In Pustilnik v. Battery Park City Authority et al, 18-CV-9446, 2019 WL 6498711 (S.D.N.Y. Dec. 3, 2019), the court, inter alia, granted defendant’s motion to dismiss – under Federal Rule of Civil Procedure 12(b)(6) – plaintiff’s disability discrimination claim under the Americans with Disabilities Act (ADA).
From the decision:
[Plaintiff]’s Complaint is devoid of facts that could buttress her assertion that the explanation for her termination was pretextual and that she was really terminated, at least in part, because of her disability. Pustilnik does not allege, for instance, that Jones or Mehiel, or anyone else at BPCA, ever made any comments about her arthritis or depression, let alone that such conditions played any role in BPCA’s decision to terminate her. See Soto, 2019 WL 2371713, at *13 (dismissing disability discrimination claim where there were “no allegations that anyone … commented on [plaintiff’s disability], failed to accommodate it, or otherwise demonstrated hostility toward Plaintiff due to this alleged disability,” nor were there “any facts connecting the alleged disability to his termination”); Salas, 298 F. Supp. 3d at 687 (dismissing disability discrimination claim where plaintiff had not alleged “that her supervisors or other management … made any statements about … her disability, let alone statements indicating that [it] played a role in their decisions”); Osby v. City of New York, No. 13-cv-8826 (JPG), 2016 WL 4372233, at *7 (S.D.N.Y. Aug. 15, 2016) (dismissing disability discrimination claim where “the complaint [was] bare of facts supporting any connection between [plaintiff’s] disability and [the adverse employment action]”).

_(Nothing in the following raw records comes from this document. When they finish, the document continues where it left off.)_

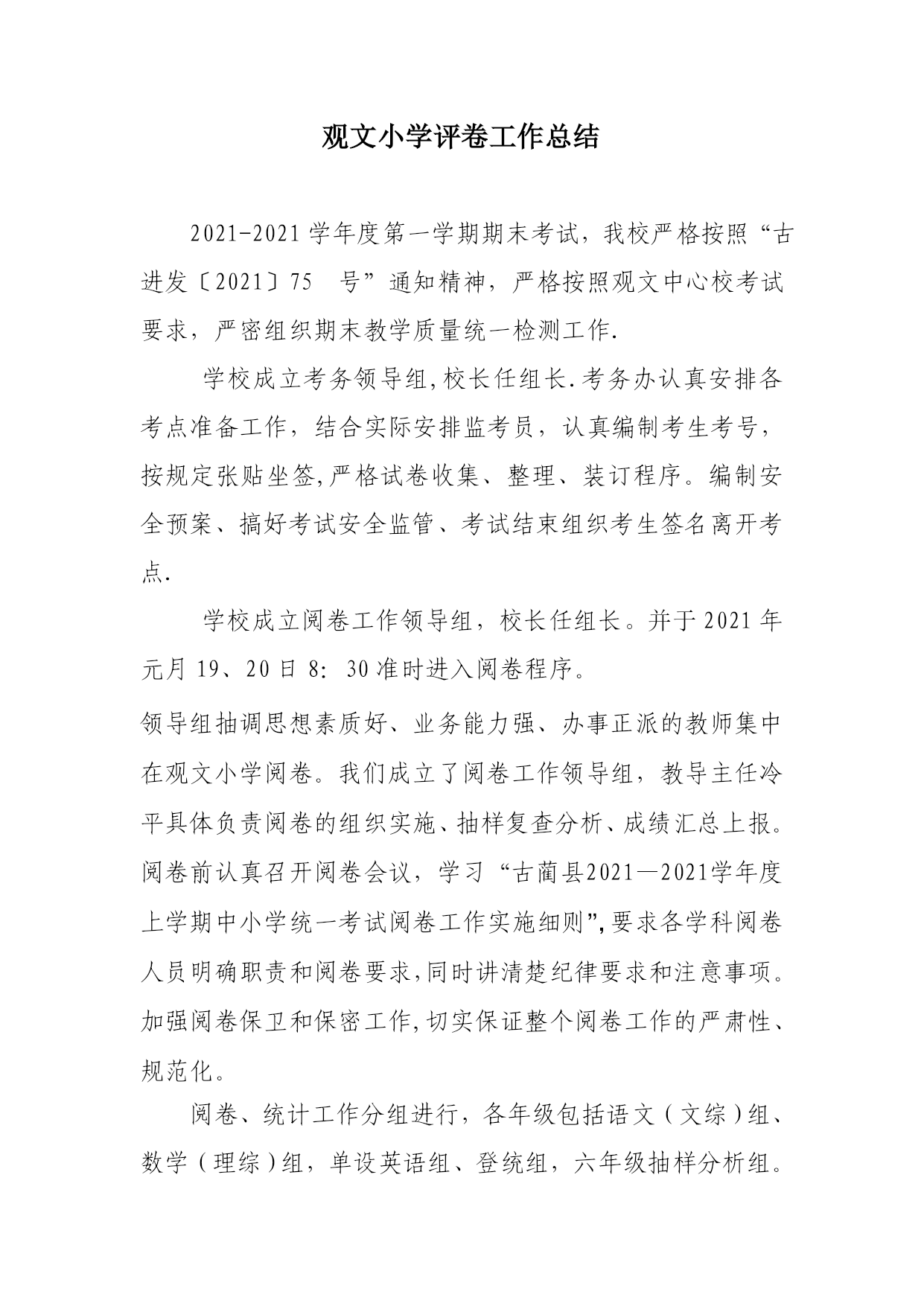 阅卷工作总结实用文档(实用文档,可以直接使用,可编辑优秀版资料,欢迎下载)观文小学评卷工作总结2021-2021学年度第一学期期末考试,我校严格按照“古进发〔2021〕75号”通知精神,严格按照观文中心校考试要求,严密组织期末教学质量统一检测工作.学校成立考务领导组,校长任组长.考务办认真安排各考点准备工作,结合实际安排监考员,认真编制考生考号,按规定张贴坐签,严格试卷收集、整理、装订程序。编制安全预案、搞好考试安全监管、考试结束组织考生签名离开考点.学校成立阅卷工作领导组,校长任组长。并于2021年元月19、20日8:30准时进入阅卷程序。领导组抽调思想素质好、业务能力强、办事正派的教师集中在观文小学阅卷。我们成立了阅卷工作领导组,教导主任冷平具体负责阅卷的组织实施、抽样复查分析、成绩汇总上报。阅卷前认真召开阅卷会议,学习“古蔺县2021—2021学年度上学期中小学统一考试阅卷工作实施细则”,要求各学科阅卷人员明确职责和阅卷要求,同时讲清楚纪律要求和注意事项。加强阅卷保卫和保密工作,切实保证整个阅卷工作的严肃性、规范化。阅卷、统计工作分组进行,各年级包括语文(文综)组、数学(理综)组,单设英语组、登统组,六年级抽样分析组。整个阅卷工作实行组长负责制,成员分工协作;各学科采取流水作业形式阅卷,杜绝包本作业。阅卷前,由组长组织学习参考答案,统一评分标准.对于超课标、超教材、有歧义的试题及答案,先在阅卷前统一评卷尺度。标准统一后,分工协作,采用流水作业形式阅卷。阅卷后,教师要在试卷上相应位置签名确认。阅卷时,无关人员严禁入内,阅卷教师不能越组干扰。领导组加强阅卷巡视,保证此项工作规范运作.阅卷复查责任到人。阅卷复查准确无误后,组长把试卷交回考务办。由登统组负责登统工作。同时领导组抽调骨干力量对试卷进行抽样评估分析。尤其是对六年级各科试卷抽取50份进行剖析。剖析内容包括试题范围、题型特点、难易、学生答卷得分情况、存在突出问题等方面。精品文档,你值得期待整个阅卷、统计过程,组织严密,标准统一,操作规范,评分公正,能够为来期教学常规工作提供可靠的基础性数据。防火工作总结局防指:我站今年森林防火工作在林业局党委、林业局的统一领导下,一如继往,坚定不移地认真贯彻执行《森林法》、《森林防火条例》等法律法规及林业局森林防火工作会议精神,坚持”预防为主、积极消灭"的森林防火方针,狠抓了责任制落实、防火宣传、野外火源管理及隐患排查等方面的工作,在全站和扎赉河农场的齐抓共管下,经全体林业职工的共同努力,圆满地完成了今年的防火工作任务取得了全年零火警的好成绩.现将我站全年森林防火工作总结如下:一、工作开展情况(一)健全机构,充实设备,完善扑救预案管护站建立健全扑火组织机构.局森林防火指挥部为切实加强对全局森林防火工作的组织领导,及时调整充实了朝阳管护站,车辆一台、对讲机2部、GPS2个、割灌机1台、油锯2台等.管护站完善和细化了《扑救森林火灾预案》。具体工作:1、跟雪点烧防火隔离带180。5公里(前后从复点烧五遍),2、自制防火旗帜300面(防指发200面,共计500面),3、防火协查员袖标55个,4、签订防火责任状568份,5、关于防火宣传《致学生家长的一封信》计:160封.6、张贴防火标语400幅。7、悬挂防火宣传横幅5幅,联合五个管护站在春秋两个防火期开展防火宣传活动.(二)强化领导,落实责任,消除火险隐患为切实把管理局、局防指森林防火工作的有关精神、指示落到实处,针对不同时期的不同情况进行深入研究和部署,年初,林业局与各管护站签订了森林防火责任书,全面落实森林防火工作责任制,实行全程负责.局防指不定期到各管护站对森林防火工作落实情况进行明查暗访,重点检查防火措施、防火预案及防火责任人落实情况等,尤其是森林防火预案的制定作为安全检查工作的支撑点来抓,确保预案制定工作落到实处。(三)广泛宣传,警钟长鸣,增强防火意识充分利用广播、电视等多种宣传方式,开展内容丰富、形式多样、群众喜闻乐见的森林防火宣传教育活动,切实提高全民防火意识和法制观念,做到防火教育警钟长鸣。(1)在进入林区的主要路口、重点地段和风景旅游区设立永久固定森林防火宣传警示牌和悬挂宣传标语。共设立了永久固定宣传警示牌,对进山作业人员起到了良好的警示作用。(2)在电视、报刊等宣传媒体开辟森林防火专题栏目。在全镇营造了浓厚的防火舆论氛围.(3)我站在采取行政手段抓森林防火的同时,切实加强法制教育,坚持依法治火,充分发挥法律手段在森林防火中的重要作用。(四)强化措施,加强管护,狠抓火源管理管护站以片为单位划分了森林防火责任区,在每块责任区均落实了责任领导及包干责任人。对村民采集山野菜,实行人性化管理,没有办理一个野外扎点采集点.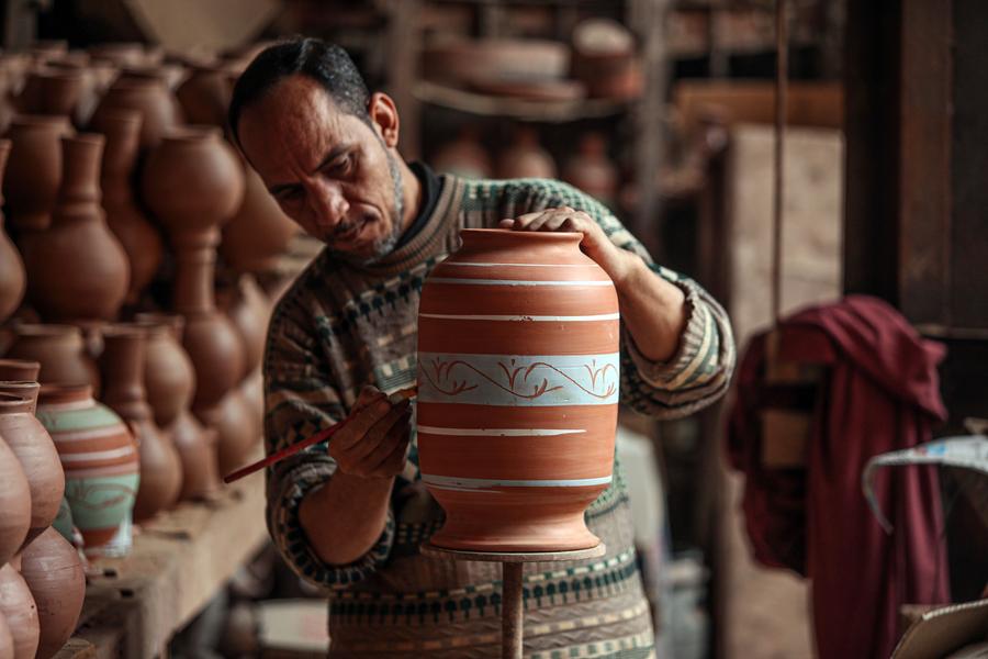 Ghoneim has adapted to modern changes in the industry to protect it from decline. Unlike other potters, he sources red clay from the southern Egyptian province of Aswan to create colorful, healthy porcelain cooking pots.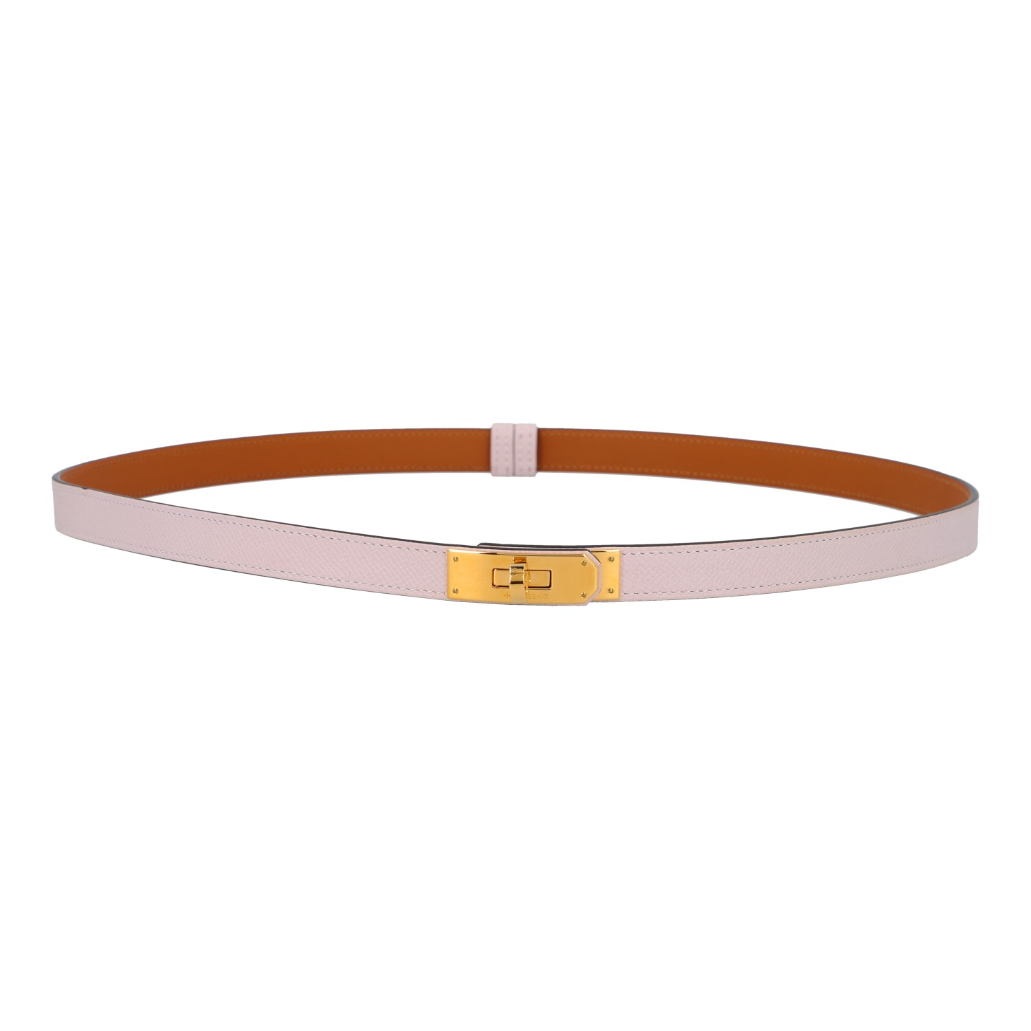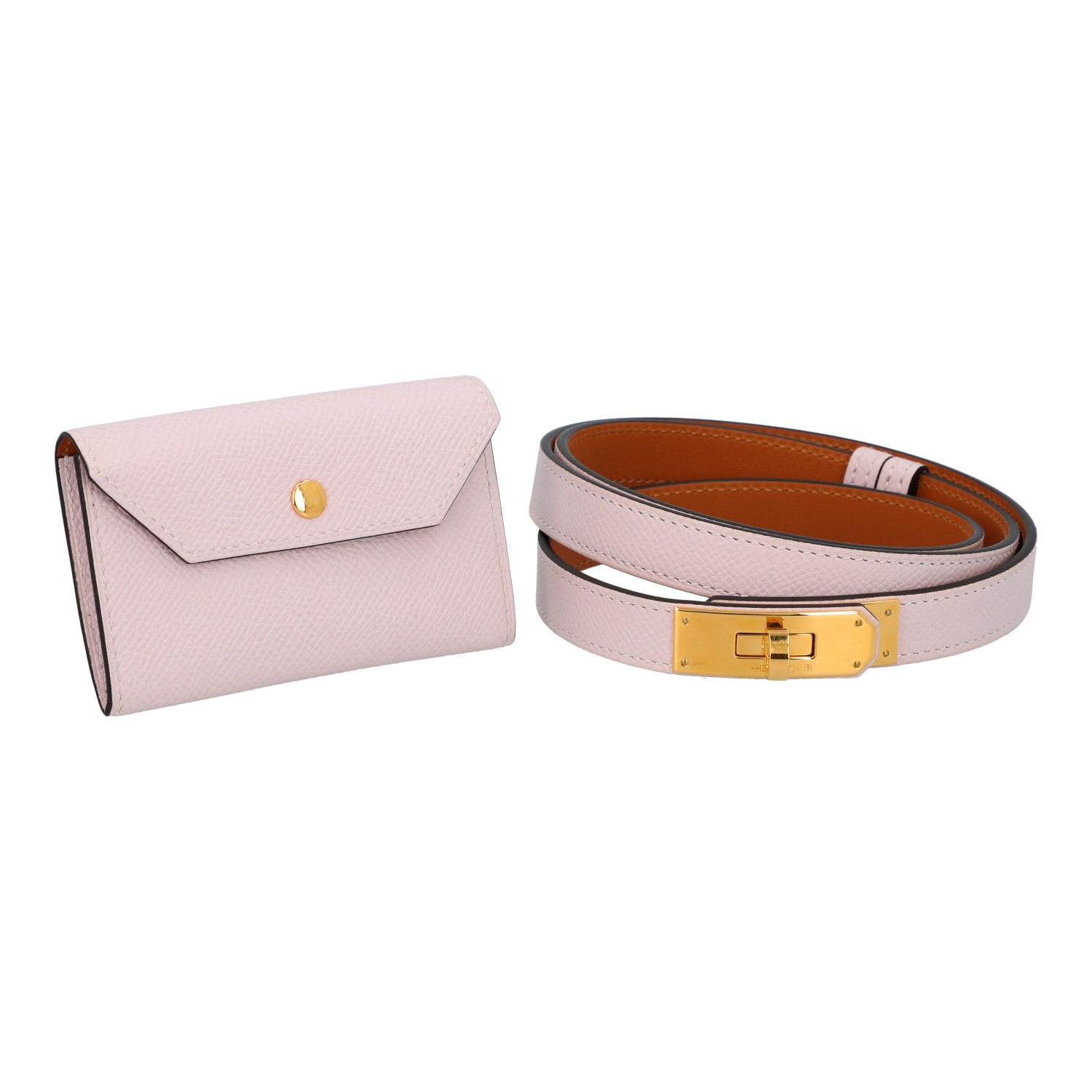 HERMÈS belt “KELLY POCKET 18”. Coll. 2024. Current retail price: €1,600. Mauve Pale Epsom calfskin leather with gold-plated hardware. Classic Kelly belt with small pouch. Very good condition.

While plaintiff alleged that she was terminated shortly after a particular person became defendant’s president (and gained the authority to terminate her), she “fails to plausibly allege that [that person] displayed any animus towards her or anyone else at [defendant] based on any actual or perceived disability.” The court concluded that there was “simply no connection alleged between Pustilnik’s depression or arthritis, on the one hand, and her termination, on the other.”
The court also noted that the fact that the president may have known about plaintiff’s arthritis and/or depression “is also insufficient to raise the requisite inference of discrimination”, citing case law for the proposition that “[t]he mere fact that an employer was aware of an applicant’s disability when deciding not to hire her is insufficient to raise an inference of discrimination.”